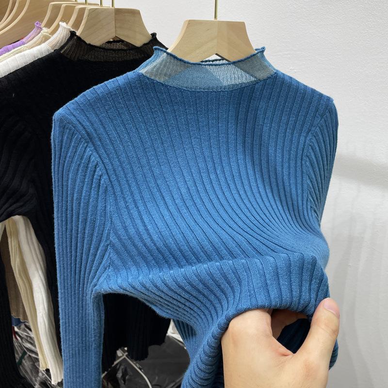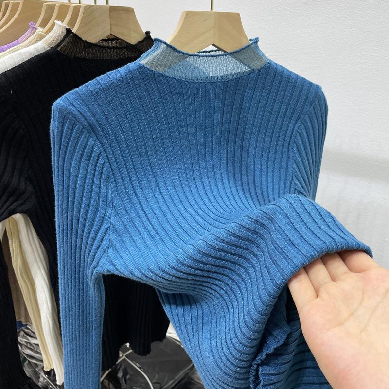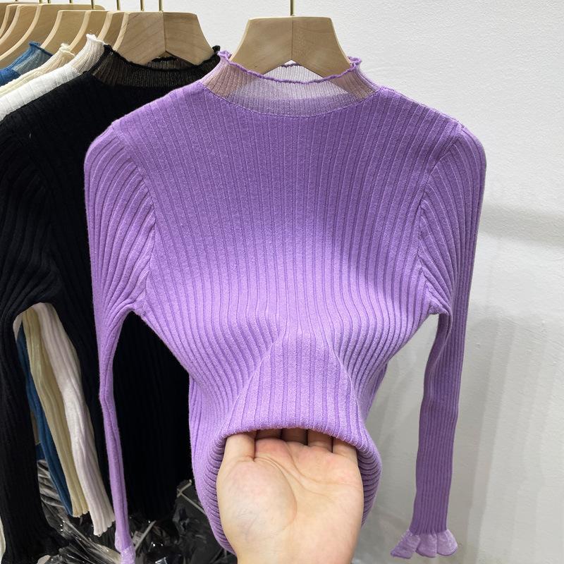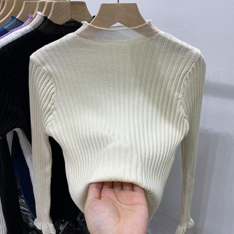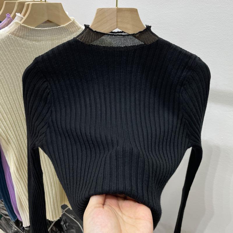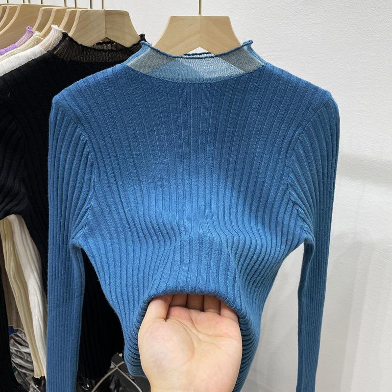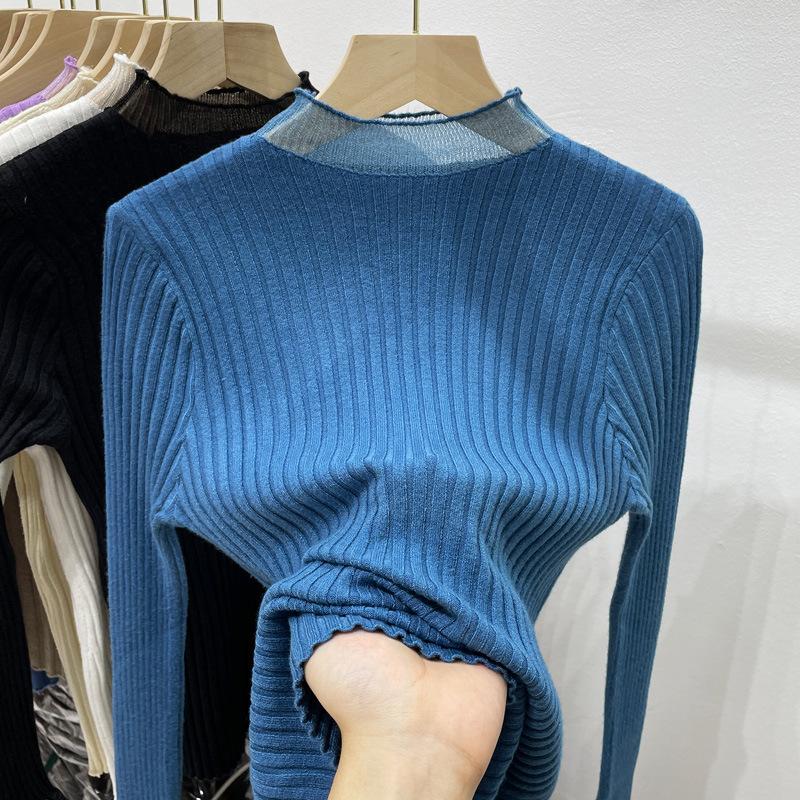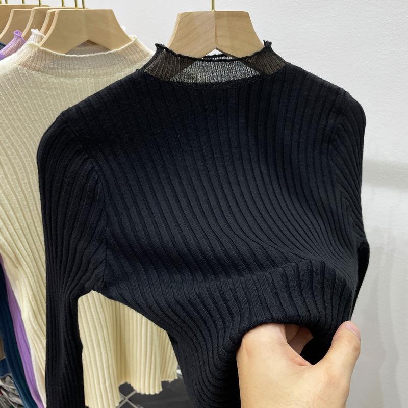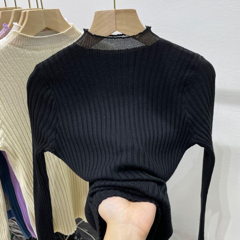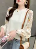 Camisa de punto de manga larga para mujer, nueva camisa de punto con diseño de encaje y costuras, estilo occidental, con mangas abullonadas, para primavera y otoño
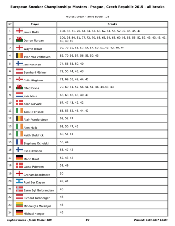 European Snooker Championships Masters - Prague / Czech Republic 2015 - all breaks Highest break - Jamie Bodle: 108 No Player 1 Jamie Bodle 108, 83, 71, 70, 64, 64, 63, 63, 62, 61, 56, 52, 49, 45, 45, 44 2 Darren Morgan 100, 98, 84, 81, 77, 72, 70, 68, 65, 64, 63, 60, 56, 55, 55, 52, 52, 43, 43, 43, 41, 40, 40, 40 3 Wayne Brown 90, 70, 65, 61, 57, 54, 54, 53, 51, 48, 42, 40, 40 4 Yvan Van Velthoven 82, 70, 66, 57, 56, 52, 50, 43 5 Jani Kananen 74, 56, 55, 50, 40 6 Bernhard Müllner 72, 55, 44, 43, 43 7 Colin Bingham 71, 69, 68, 49, 44, 40 8 Elfed Evans 70, 69, 61, 57, 56, 51, 51, 46, 44, 43, 43 9 Joris Maas 68, 63, 48, 43, 40, 40 10 Allan Norvark 67, 47, 43, 42, 42 11 Tom O`Driscoll 65, 53, 52, 46, 44, 40 12 Alain Vandersteen 62, 52, 47 13 Alen Matic 61, 50, 47, 45 14 Keith Sheldrick 60, 51, 41 15 Stephane Ochoiski 55, 44 16 Esa Oikarinen 53, 47, 42 17 Mario Burot 52, 43, 42 18 Lasse Petersen 51, 49 19 Graham Beardmore 50 20 Roni Ben Dayan 49, 41 21 Bjørn Egil Gulbrandsen 46 22 Richard Kornberger 46 23 Mindaugas Maisiejus 46 24 Michael Heeger 46 Highest break - Jamie Bodle: 108 Breaks 1/2 Printed: 7.03.2017 10:03 European Snooker Championships Masters - Prague / Czech Republic 2015 - all breaks No Player Breaks 25 Piotr Murat 46 26 Juha Lehto 44, 40 27 Robert Watkins 42, 41 28 Asgeir Gudbjartsson 40 Highest break - Jamie Bodle: 108 2/2 Printed: 7.03.2017 10:03
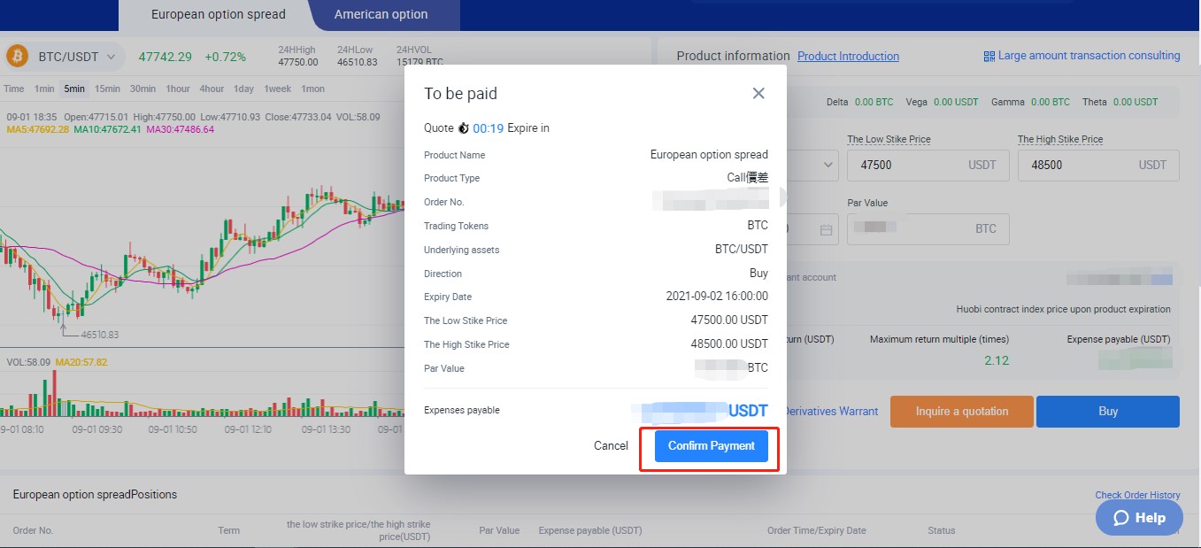 ऑप्शन अनुबंध की ऑर्डर जानकारी की पुष्टि करें, जैसे कि अंतर्निहित परिसंपत्ति, मात्रा, इस्तेमाल की गई कीमत, लाभ-अलाभ कीमत, और प्रीमियम। यह प्रीमियम ऑप्शन अनुबंध खरीदने के लिए शुल्क है। ऑप्शन प्रीमियम का भुगतान करने के लिए “पुष्टि करें” पर क्लिक करें। प्रीमियम का भुगतान करने के बाद, संबंधित राशि की कटौती ऑप्शन खाते से कर ली जाएगी। इसी के साथ, सिस्टम ऑप्शन अनुबंध की लाभ-अलाभ कीमत की गणना करता है। कॉल ऑप्शन के लिए, अंतर्निहित कीमत के लाभ-अलाभ कीमत से ऊपर जाने होने पर लाभ कमाया जा सकता है। पुट ऑप्शन के लिए, अंतर्निहित कीमत के लाभ-अलाभ कीमत से नीचे जाने होने पर लाभ कमाया जा सकता है। यूज़र लाभ-अलाभ कीमत के आधार पर लाभ कमाने के लिए एडवांस में ऑप्शन का प्रयोग कर सकते हैं।
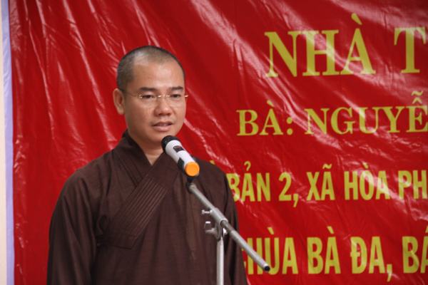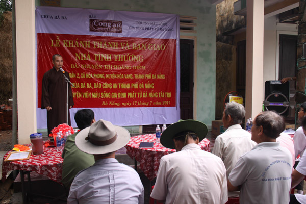 Phát biểu tại buổi lễ, ĐĐ. Thích Thông Đạo đã tán thán tấm lòng của GĐPT Đà Nẵng, Đội TNV máu sống GĐPT Đà Nẵng cùng các nhà hảo tâm, các đội bóng đã chung tay đóng góp xây dựng cho chị Diễm ngôi nhà tình nghĩa khang trang, giúp gia đình có điều kiện an cư để lạc nghiệp.
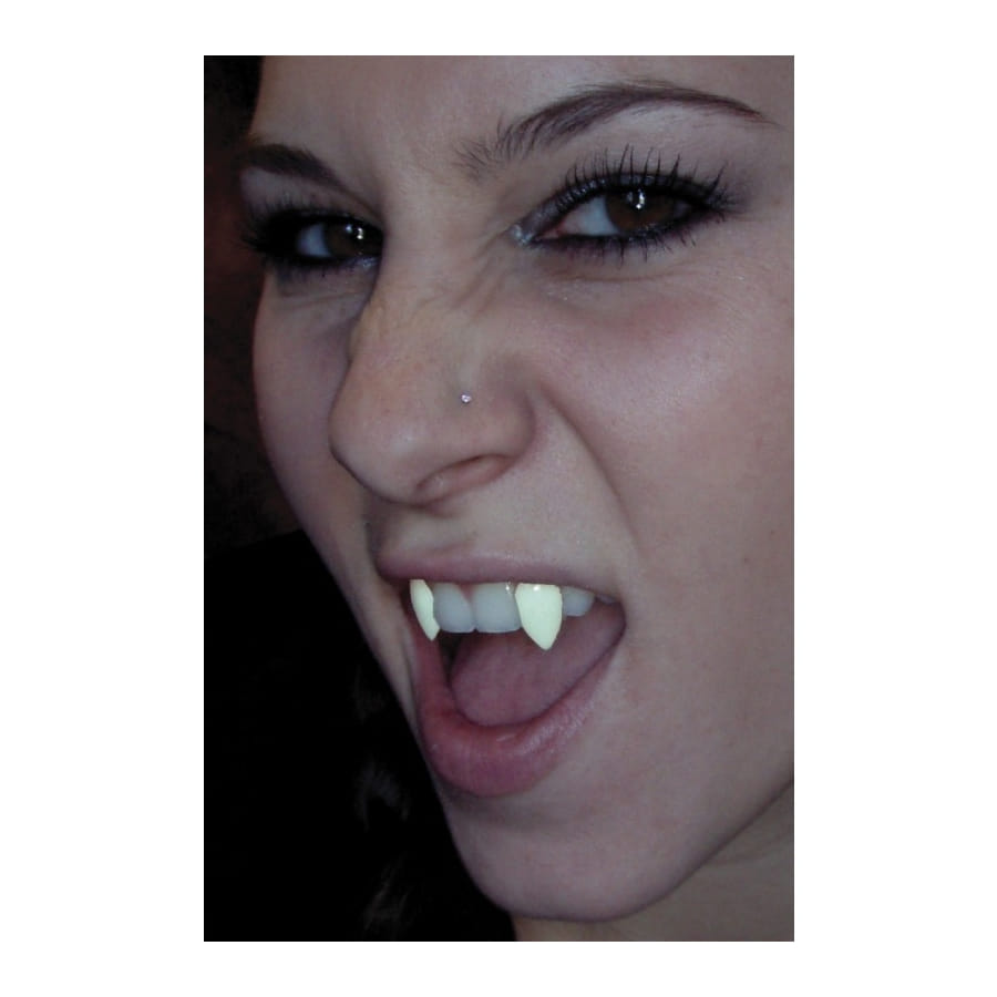 Dents de vampire lumineuses de couleur blanche pour homme ou femme. Cet accessoire est idéal pour Halloween, avec ou sans un déguisement de vampire.
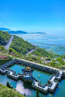 Not only is this the highest mountain on Qiushan Island, but it is also the sister mountain of Putuo Mountain. The Jade Buddha Pagoda on the mountain stands like a sharp sword at the summit of Guanyin Mountain. From the top, you have a broad view, and the salt fields are in sight.
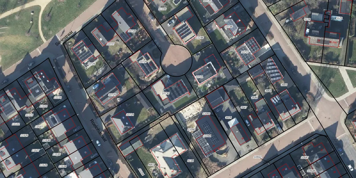 Het perceel waarop Suriestraat 10 staat heeft een oppervlakte van 478 m². Dit is een groot perceel. De perceeloppervlakte wordt geregistreerd door het Kadaster. Gedetailleerde informatie over de maten van dit perceel kunt u vinden in het rapport Kadastrale kaart met maatvoering van Suriestraat 10.
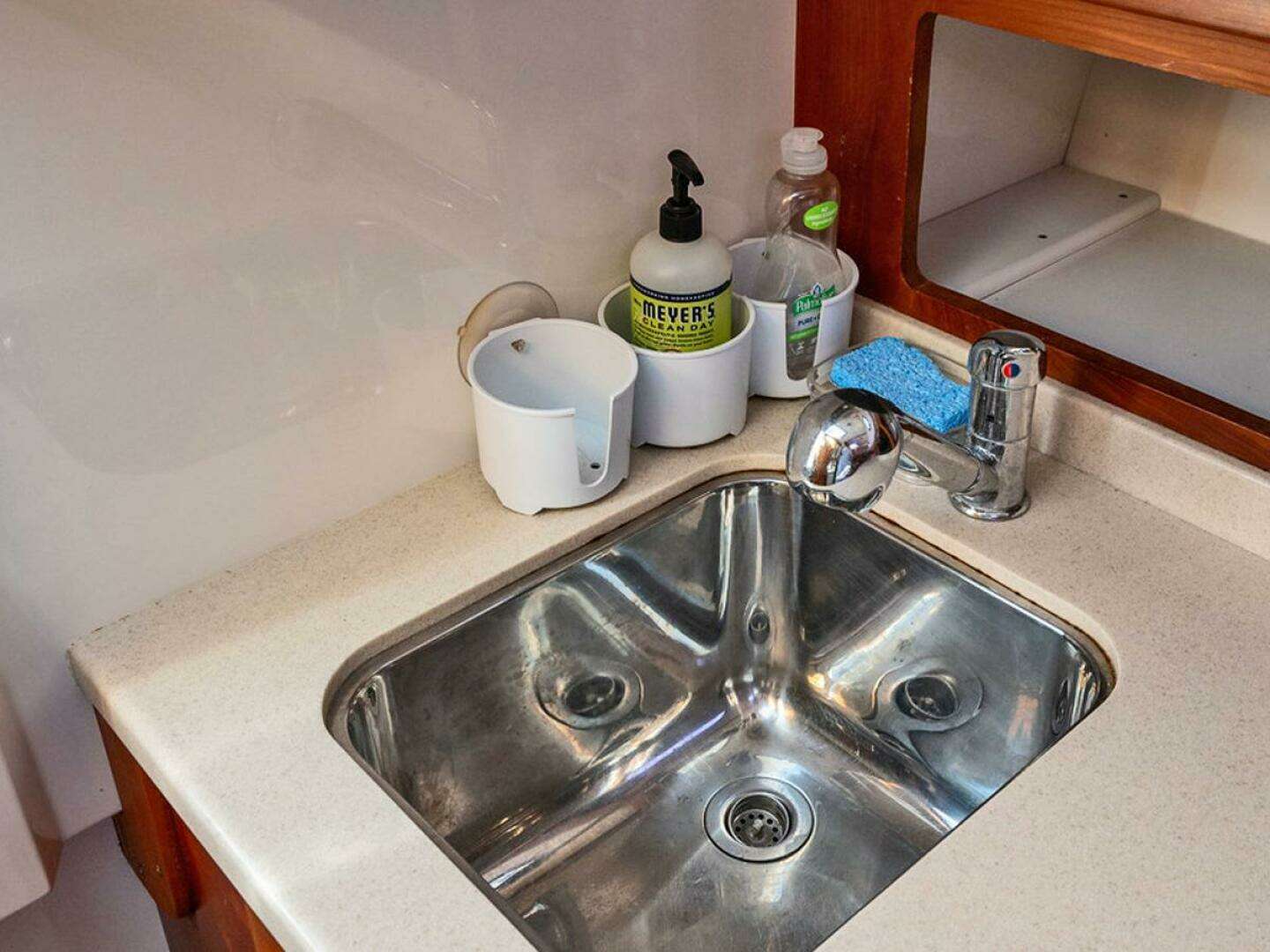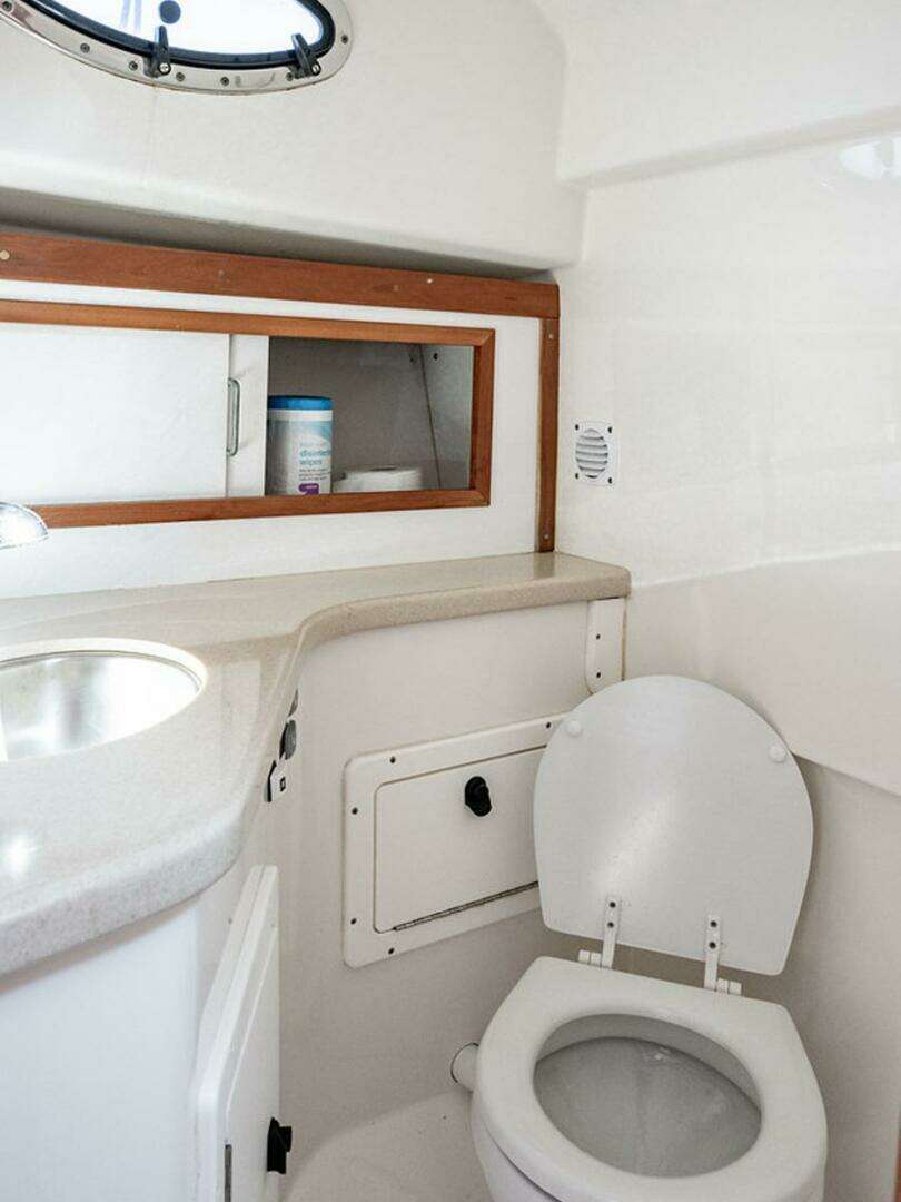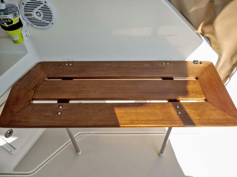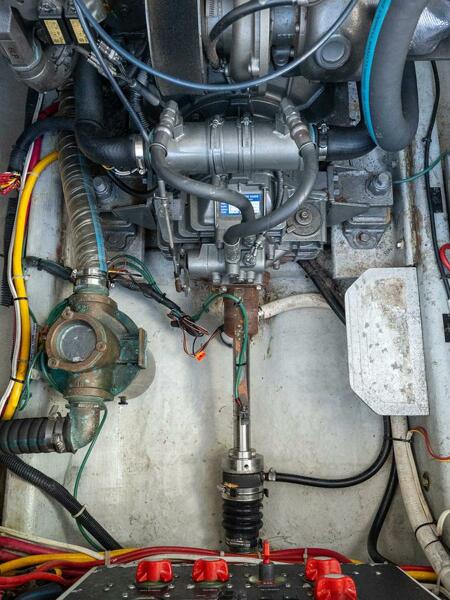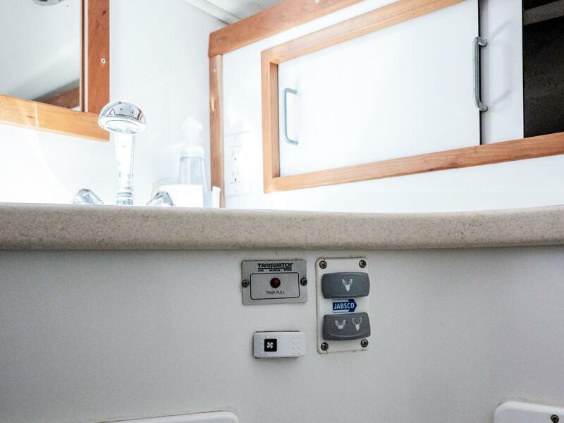 Below the surface, she is modern and contemporary. A deep-vee hull with prop recess and standard trim tabs offers comfort and performance. With her upgraded 315 horsepower, 6-cylinder diesel engine, she reaches a top end of 26 knots and will cruise very comfortably in the mid 20's. Around the docks, you will appreciate the maneuverability provided by her bow thruster.

----------

• Aim of the exercise: Without the pictures, restate all of the entries above verbatim.

• The completed task:
 Camisa de punto de manga larga para mujer, nueva camisa de punto con diseño de encaje y costuras, estilo occidental, con mangas abullonadas, para primavera y otoño
 European Snooker Championships Masters - Prague / Czech Republic 2015 - all breaks Highest break - Jamie Bodle: 108 No Player 1 Jamie Bodle 108, 83, 71, 70, 64, 64, 63, 63, 62, 61, 56, 52, 49, 45, 45, 44 2 Darren Morgan 100, 98, 84, 81, 77, 72, 70, 68, 65, 64, 63, 60, 56, 55, 55, 52, 52, 43, 43, 43, 41, 40, 40, 40 3 Wayne Brown 90, 70, 65, 61, 57, 54, 54, 53, 51, 48, 42, 40, 40 4 Yvan Van Velthoven 82, 70, 66, 57, 56, 52, 50, 43 5 Jani Kananen 74, 56, 55, 50, 40 6 Bernhard Müllner 72, 55, 44, 43, 43 7 Colin Bingham 71, 69, 68, 49, 44, 40 8 Elfed Evans 70, 69, 61, 57, 56, 51, 51, 46, 44, 43, 43 9 Joris Maas 68, 63, 48, 43, 40, 40 10 Allan Norvark 67, 47, 43, 42, 42 11 Tom O`Driscoll 65, 53, 52, 46, 44, 40 12 Alain Vandersteen 62, 52, 47 13 Alen Matic 61, 50, 47, 45 14 Keith Sheldrick 60, 51, 41 15 Stephane Ochoiski 55, 44 16 Esa Oikarinen 53, 47, 42 17 Mario Burot 52, 43, 42 18 Lasse Petersen 51, 49 19 Graham Beardmore 50 20 Roni Ben Dayan 49, 41 21 Bjørn Egil Gulbrandsen 46 22 Richard Kornberger 46 23 Mindaugas Maisiejus 46 24 Michael Heeger 46 Highest break - Jamie Bodle: 108 Breaks 1/2 Printed: 7.03.2017 10:03 European Snooker Championships Masters - Prague / Czech Republic 2015 - all breaks No Player Breaks 25 Piotr Murat 46 26 Juha Lehto 44, 40 27 Robert Watkins 42, 41 28 Asgeir Gudbjartsson 40 Highest break - Jamie Bodle: 108 2/2 Printed: 7.03.2017 10:03
 ऑप्शन अनुबंध की ऑर्डर जानकारी की पुष्टि करें, जैसे कि अंतर्निहित परिसंपत्ति, मात्रा, इस्तेमाल की गई कीमत, लाभ-अलाभ कीमत, और प्रीमियम। यह प्रीमियम ऑप्शन अनुबंध खरीदने के लिए शुल्क है। ऑप्शन प्रीमियम का भुगतान करने के लिए “पुष्टि करें” पर क्लिक करें। प्रीमियम का भुगतान करने के बाद, संबंधित राशि की कटौती ऑप्शन खाते से कर ली जाएगी। इसी के साथ, सिस्टम ऑप्शन अनुबंध की लाभ-अलाभ कीमत की गणना करता है। कॉल ऑप्शन के लिए, अंतर्निहित कीमत के लाभ-अलाभ कीमत से ऊपर जाने होने पर लाभ कमाया जा सकता है। पुट ऑप्शन के लिए, अंतर्निहित कीमत के लाभ-अलाभ कीमत से नीचे जाने होने पर लाभ कमाया जा सकता है। यूज़र लाभ-अलाभ कीमत के आधार पर लाभ कमाने के लिए एडवांस में ऑप्शन का प्रयोग कर सकते हैं।
 Phát biểu tại buổi lễ, ĐĐ. Thích Thông Đạo đã tán thán tấm lòng của GĐPT Đà Nẵng, Đội TNV máu sống GĐPT Đà Nẵng cùng các nhà hảo tâm, các đội bóng đã chung tay đóng góp xây dựng cho chị Diễm ngôi nhà tình nghĩa khang trang, giúp gia đình có điều kiện an cư để lạc nghiệp.
 Dents de vampire lumineuses de couleur blanche pour homme ou femme. Cet accessoire est idéal pour Halloween, avec ou sans un déguisement de vampire.
 Not only is this the highest mountain on Qiushan Island, but it is also the sister mountain of Putuo Mountain. The Jade Buddha Pagoda on the mountain stands like a sharp sword at the summit of Guanyin Mountain. From the top, you have a broad view, and the salt fields are in sight.
 Het perceel waarop Suriestraat 10 staat heeft een oppervlakte van 478 m². Dit is een groot perceel. De perceeloppervlakte wordt geregistreerd door het Kadaster. Gedetailleerde informatie over de maten van dit perceel kunt u vinden in het rapport Kadastrale kaart met maatvoering van Suriestraat 10.
 Below the surface, she is modern and contemporary. A deep-vee hull with prop recess and standard trim tabs offers comfort and performance. With her upgraded 315 horsepower, 6-cylinder diesel engine, she reaches a top end of 26 knots and will cruise very comfortably in the mid 20's. Around the docks, you will appreciate the maneuverability provided by her bow thruster.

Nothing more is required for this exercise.